While enhancing desalination capacity could be critical for mitigating water shortages, it must be integrated with effective water management regulations to prevent increased supply from driving higher consumption. Accordingly, investment into desalination must be coupled with effective water management regulations and investment in complementary infrastructure, including water storage, distribution networks, and wastewater recycling.

Beyond securing climate-independent freshwater access, desalination can have significant applications in improving water quality. Reverse osmosis does not only remove salt, but other contaminants increasingly found in traditional water sources, like PFAS and other “forever chemicals[24]. As the EU and the European Chemicals Agency are developing a new regulatory push to limit PFAS and other harmful pollutants in drinking water, reverse osmosis treatment is becoming a necessity to remove hazardous compounds for size scales spanning from household units to the largest water utilities[25]. This adds a public health dimension to desalination’s security benefits: it can provide clean water in regions facing industrial pollution or seawater intrusion into groundwater.

Reverse osmosis is also a key enabler of improved water reuse, which is the lowest-cost option to sustainably increase water supplies. By stripping wastewater of contaminants, reverse osmosis ensures that recycled water can meet stringent quality standards while operating at a fraction of the energy consumption of seawater desalination. Consequently, utilising reverse osmosis in recycling water from sources like municipal wastewater offers a potentially scalable and resilient measure to address water scarcity and sustainability challenges – especially in inland areas without immediate access to large bodies of water[26].

Economic benefits

Droughts now cost the European (EU + UK) economy an average of €9 billion annually and pose a serious threat to agricultural output[27]. The 2022 drought caused insured losses of €19 billion, with total economic costs including uninsured losses on top of that[28]. Annual losses are further estimated to reach €65 billion by 2100 under current climate projections. These figures underscore that failing to invest in our water security ahead of time carries with it enormous economic risk. In a world in which global trade is being undermined, these considerations become ever more pressing.

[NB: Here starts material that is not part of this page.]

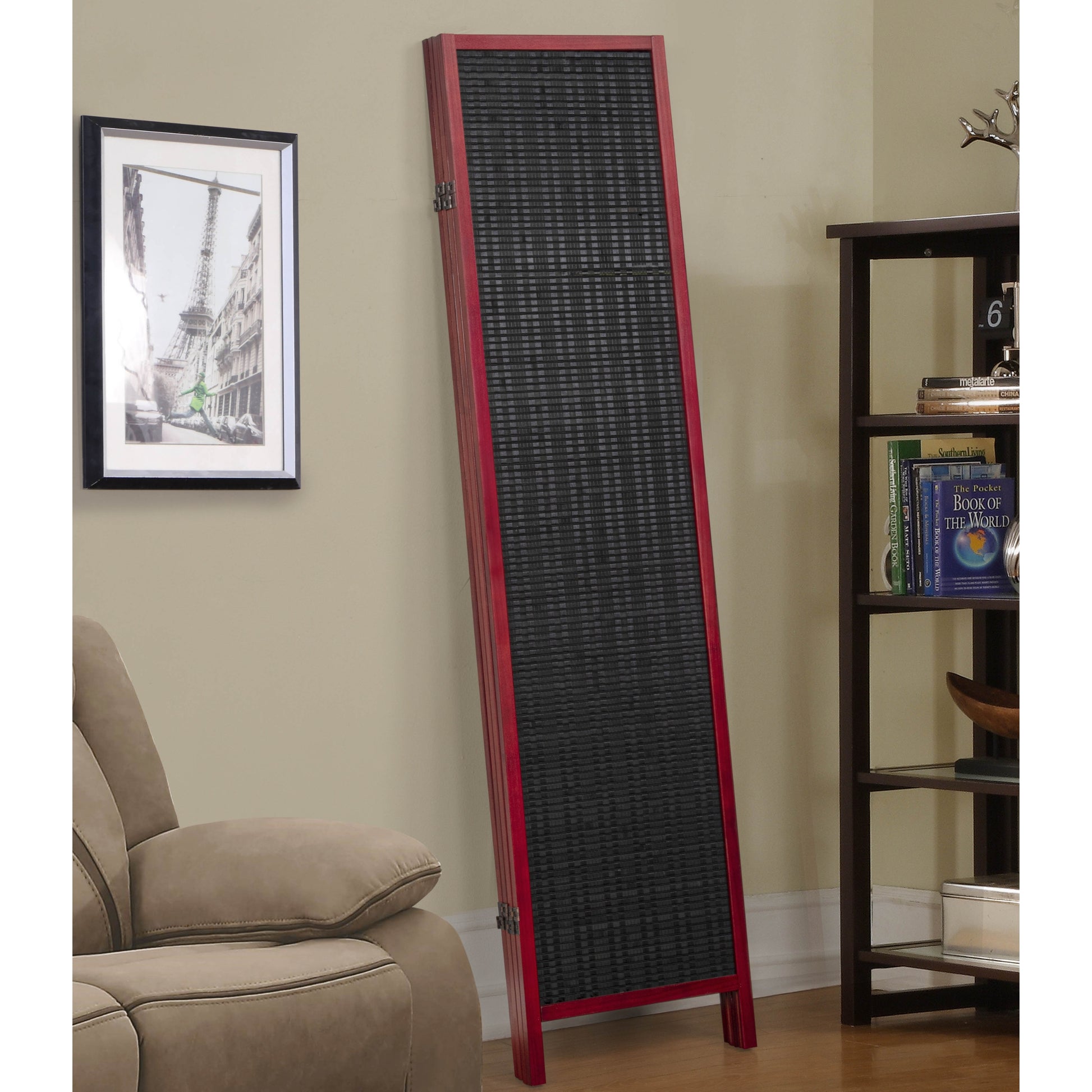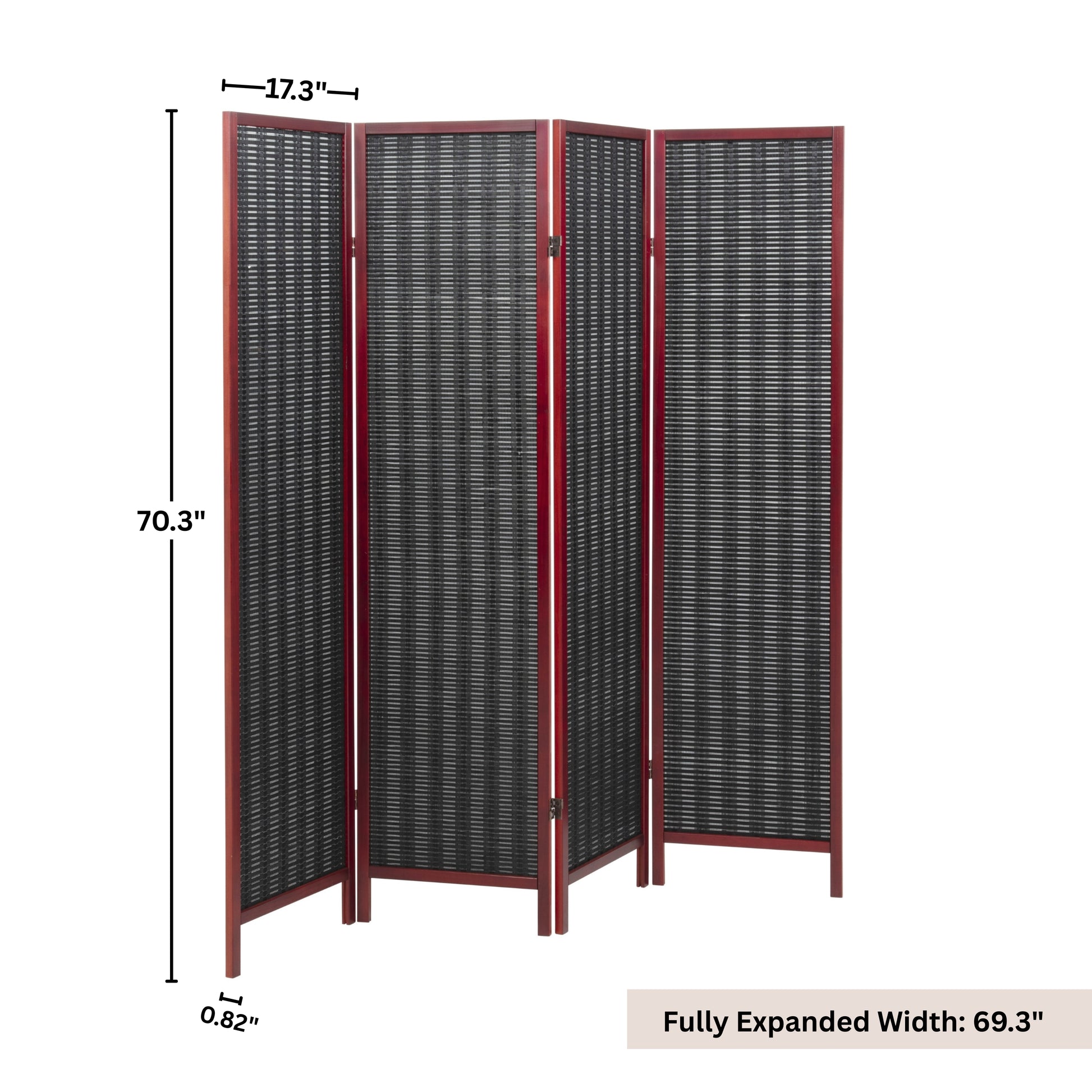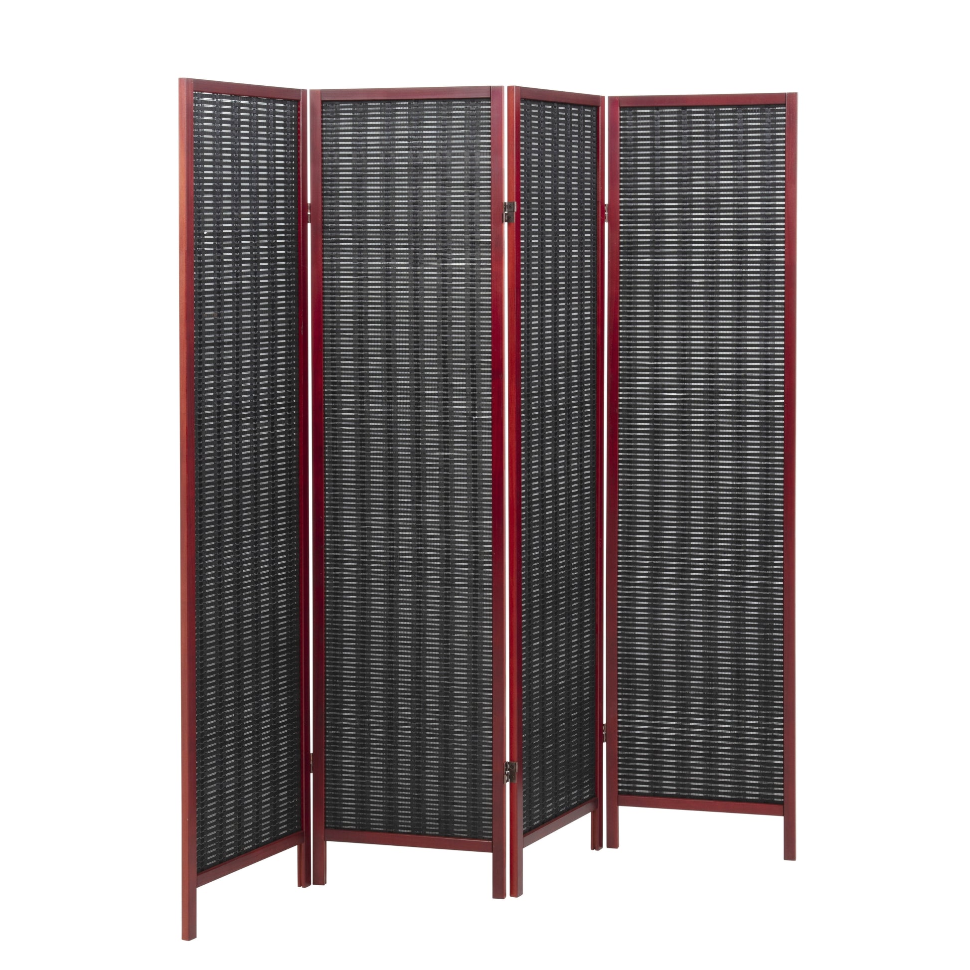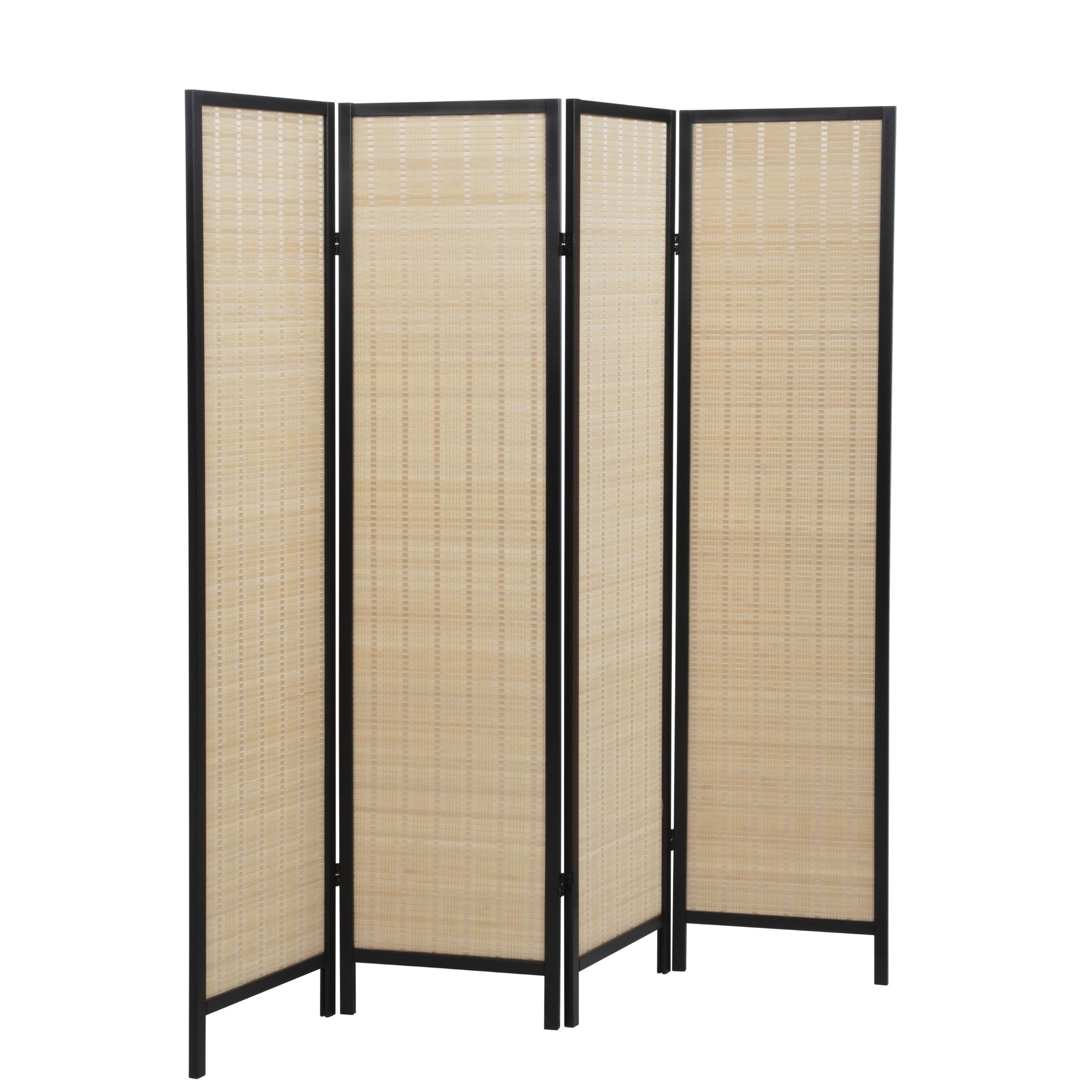The Roundhill Furniture Inkwell 4-Panel Bamboo Room Divider is a stylish and functional solution for creating privacy or defining spaces in any room. Crafted from durable New Zealand Pine wood and Bamboo, it ensures lasting strength and resilience for everyday use. The bold finish highlights the bamboo woven design, adding depth and texture to enhance your home or office decor. Featuring four hinged panels that fold compactly for easy storage and portability, this divider adapts effortlessly to your layout needs. Perfect for dividing living spaces, creating cozy nooks, or simply adding a decorative accent, the Inkwell Room Divider combines practical functionality with timeless design.

As global demand for desalination hardware and services increases, the global desalination market is projected to grow from €16 billion in 2024 to €28 billion in 2030, at a CAGR of 9.6%[29]. By further investing in desalination, the EU can simultaneously ensure that its companies build upon their preexisting presence within the market, and help mitigate the global economic losses and security risks associated with water scarcity[30].

Retrofitting existing desalination plants would also yield substantial returns. As estimated by Danfoss Engineering, if all the world’s reverse osmosis desalination plants in were retrofitted with the latest pumps, membranes, and energy recovery devices and achieve a <2 kWh/m³ efficiency rating, the world would emit 111 million metric tonnes less of CO₂ – equivalent to the annual emissions of  around 15 million homes[31] – save 247 TWh of electricity and a total of €34.5 billion, every year[32].

Europe’s position

Europe has a strong global presence in the desalination supply chain, plant building, and operations. Companies like the Spanish Acciona[33] and the French Veolia[34] and Suez Group[35] are already operating world-wide, and have won contracts for some of the world’s largest desalination projects. Europe thus has a strong foundation to drive both technology development and plant buildout. By staying at the forefront of innovation, European firms can maintain a competitive edge amongst rising players from Asia and the US.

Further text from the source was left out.